Opinion

5 myths about amnesty for illegal immigrants in Senate bill

Under a bipartisan Senate immigration bill, immigrants who have come to the United States illegally are given a "path to citizenship." On close inspection, each of the following five claims about the requirements for illegal immigrants to earn amnesty are not what they seem.

By , Op-ed contributor, May 13, 2013

3. They must pass a background check

History suggests that the government does not have the capacity to carefully vet those who apply for amnesty. The 1986 amnesty resulted in the rubber stamping of hundreds of thousands of fraudulent applications. It also gave legal status to an illegal immigrant who would become the ringleader of the 1993 World Trade Center attack; his new status allowed him to travel freely around the world and pick up terrorist training. Certainly not all illegal immigrants are terrorists, but the government’s track record on keeping problematic individuals out of the country is not trouble-free.

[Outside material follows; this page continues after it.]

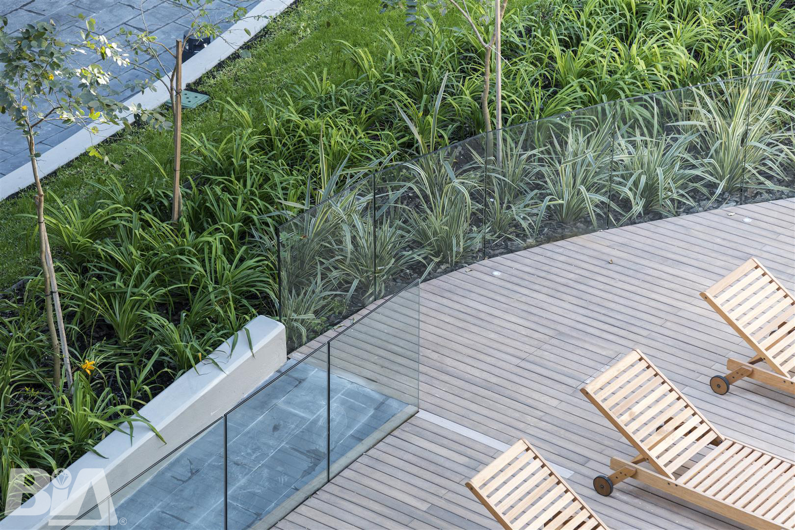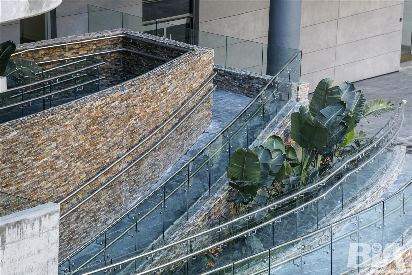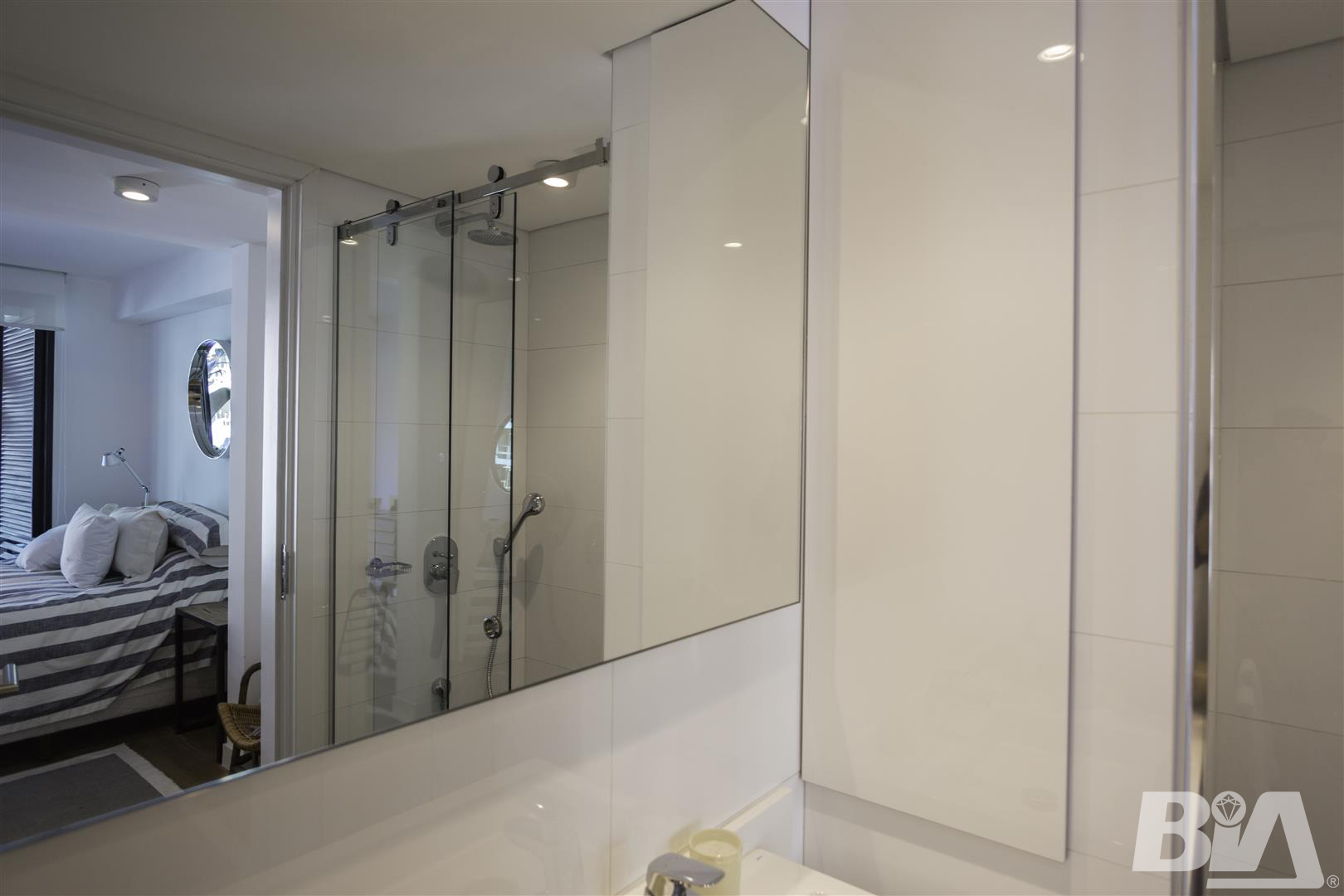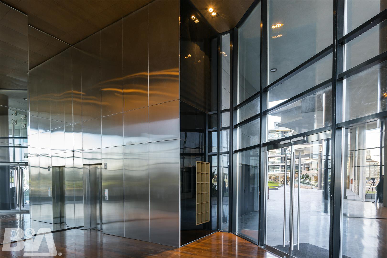 - Productos DVH: Cool Lite neutral SKN 154 8 mm. templado #2, cámara negra 12 mm., Laminado incoloro 44.2. BARANDAS INTERNAS y en ATICOS: Laminados templados 10+10 mm. unidos con PVB 0.76 mm. con empotramiento en perfil de acero pasamanos dobles en a. inoxidable 316. PALLIERS: Espejos incoloros laminados 5+4 mm. Glass Splash 6 mm. color negro. Frentes de acceso en Incoloro laminado 10 mm. con Puertas templadas con herrajes HDL y manijones de a. inoxidable.
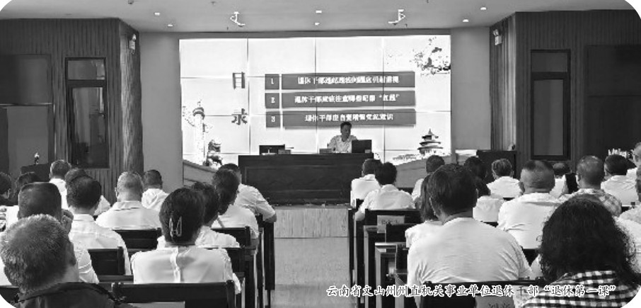 “近年来,一些老同志退休后,不注重党规党纪的学习,纪律规矩意识逐渐弱化,少数退休干部甚至走上违纪违法的道路。加强党纪学习,退休党员、干部应该注意哪些纪律‘红线’……”2024年6月27日,在云南省文山壮族苗族自治州州直机关事业单位退休干部“退休第一课”上,文山州纪委监委驻州委组织部纪检监察组相关负责人,为参加老年大学学习的70余名退休干部作纪律规矩教育讲座。

Additionally, under the current Senate bill, crimes like identity theft and vandalism are not considered serious enough to deny a person amnesty, despite the fact that such crimes create real victims. In fact, two misdemeanors on an applicant’s rap sheet do not result in legal status being denied; and under the bill multiple misdemeanors could be counted as “one” strike, provided they occur on the same day. And any problematic history an illegal immigrant has in his home country is unlikely to be uncovered.

While illegal immigrants who have their amnesty applications rejected should be fast-tracked for deportation, history shows us that rejected applicants remain in the US, even if they pose a risk. Amnesties do not constitute a benefit to public safety.